- IPC code: LIE
- NPC: Liechtensteiner Behinderten Verband
- Medals: Gold 0 Silver 0 Bronze 1 Total 1

Summer appearances
- 1984; 1988; 1992; 1996–2000; 2004; 2008–2024;

Winter appearances
- 1992; 1994; 1998–2018; 2022;

= Liechtenstein at the Paralympics =

Liechtenstein made its Paralympic Games début at the 1984 Summer Paralympics in Stoke Mandeville and New York City, entering just one athlete (Iris Schaedler) in athletics. The country competed again at the 1988 and 1992 Summer Games, and at the 1992 and 1994 Winter Games. It was then absent from the Paralympics until the 2004 Summer Games in Athens, where it sent just one table tennis player, Peter Frommelt.

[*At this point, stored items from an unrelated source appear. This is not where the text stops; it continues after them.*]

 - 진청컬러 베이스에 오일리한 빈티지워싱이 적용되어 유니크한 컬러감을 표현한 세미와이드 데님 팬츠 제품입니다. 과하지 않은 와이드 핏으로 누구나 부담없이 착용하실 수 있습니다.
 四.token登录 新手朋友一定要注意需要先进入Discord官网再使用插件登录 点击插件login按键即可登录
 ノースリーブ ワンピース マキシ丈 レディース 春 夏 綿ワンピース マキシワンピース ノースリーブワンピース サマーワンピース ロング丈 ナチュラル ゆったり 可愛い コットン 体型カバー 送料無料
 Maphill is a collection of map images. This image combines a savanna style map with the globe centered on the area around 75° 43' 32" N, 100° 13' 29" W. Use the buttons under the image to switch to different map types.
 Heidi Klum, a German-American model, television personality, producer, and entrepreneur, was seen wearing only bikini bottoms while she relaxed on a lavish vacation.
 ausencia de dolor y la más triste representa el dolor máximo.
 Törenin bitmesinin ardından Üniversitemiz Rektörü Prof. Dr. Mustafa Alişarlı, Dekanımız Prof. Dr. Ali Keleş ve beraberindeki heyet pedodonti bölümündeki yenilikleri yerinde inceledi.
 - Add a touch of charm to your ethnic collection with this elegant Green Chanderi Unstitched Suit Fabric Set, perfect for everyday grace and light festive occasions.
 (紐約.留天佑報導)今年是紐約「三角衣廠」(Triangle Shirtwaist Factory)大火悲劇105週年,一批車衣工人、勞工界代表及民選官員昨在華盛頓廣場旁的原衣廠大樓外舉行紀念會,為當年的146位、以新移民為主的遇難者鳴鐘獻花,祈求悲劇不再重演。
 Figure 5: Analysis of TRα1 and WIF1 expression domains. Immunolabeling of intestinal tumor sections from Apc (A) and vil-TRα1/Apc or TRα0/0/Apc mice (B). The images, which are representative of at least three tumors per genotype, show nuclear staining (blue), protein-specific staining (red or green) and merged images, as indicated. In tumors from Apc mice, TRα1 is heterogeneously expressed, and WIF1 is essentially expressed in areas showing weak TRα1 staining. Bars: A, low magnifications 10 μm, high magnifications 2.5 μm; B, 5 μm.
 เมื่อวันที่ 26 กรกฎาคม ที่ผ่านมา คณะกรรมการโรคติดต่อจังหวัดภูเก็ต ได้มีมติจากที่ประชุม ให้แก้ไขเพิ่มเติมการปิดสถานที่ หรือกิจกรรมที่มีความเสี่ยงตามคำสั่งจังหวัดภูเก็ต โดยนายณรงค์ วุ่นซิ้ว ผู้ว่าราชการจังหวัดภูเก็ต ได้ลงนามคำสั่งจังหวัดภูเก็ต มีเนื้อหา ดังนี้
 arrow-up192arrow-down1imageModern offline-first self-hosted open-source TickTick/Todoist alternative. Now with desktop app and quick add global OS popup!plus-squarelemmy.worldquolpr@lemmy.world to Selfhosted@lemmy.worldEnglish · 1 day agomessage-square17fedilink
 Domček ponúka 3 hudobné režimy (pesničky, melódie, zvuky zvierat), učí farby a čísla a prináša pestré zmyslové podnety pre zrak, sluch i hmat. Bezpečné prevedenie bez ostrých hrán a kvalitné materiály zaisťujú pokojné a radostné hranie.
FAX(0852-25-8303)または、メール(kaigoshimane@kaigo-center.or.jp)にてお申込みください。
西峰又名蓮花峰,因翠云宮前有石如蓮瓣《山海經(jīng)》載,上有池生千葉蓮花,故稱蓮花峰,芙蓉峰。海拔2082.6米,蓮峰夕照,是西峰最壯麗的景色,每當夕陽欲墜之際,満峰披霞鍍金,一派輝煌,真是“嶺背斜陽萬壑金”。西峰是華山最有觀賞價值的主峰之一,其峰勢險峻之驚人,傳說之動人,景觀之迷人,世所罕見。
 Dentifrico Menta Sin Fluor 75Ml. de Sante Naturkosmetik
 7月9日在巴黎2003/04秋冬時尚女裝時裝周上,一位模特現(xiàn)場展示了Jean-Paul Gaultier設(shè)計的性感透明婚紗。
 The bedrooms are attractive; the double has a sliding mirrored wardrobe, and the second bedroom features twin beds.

Liechtenstein was absent from the 2006 and 2010 Winter Games and the 2008 Summer Games.

Liechtenstein has won a single Paralympic medal: a bronze in alpine skiing in 1994.

Liechtenstein is the second smallest sovereign country, and the third smallest National Paralympic Committee (after Macau), ever to have competed at the Paralympic Games - as Tuvalu, Nauru, Monaco and the Vatican City have yet to do so.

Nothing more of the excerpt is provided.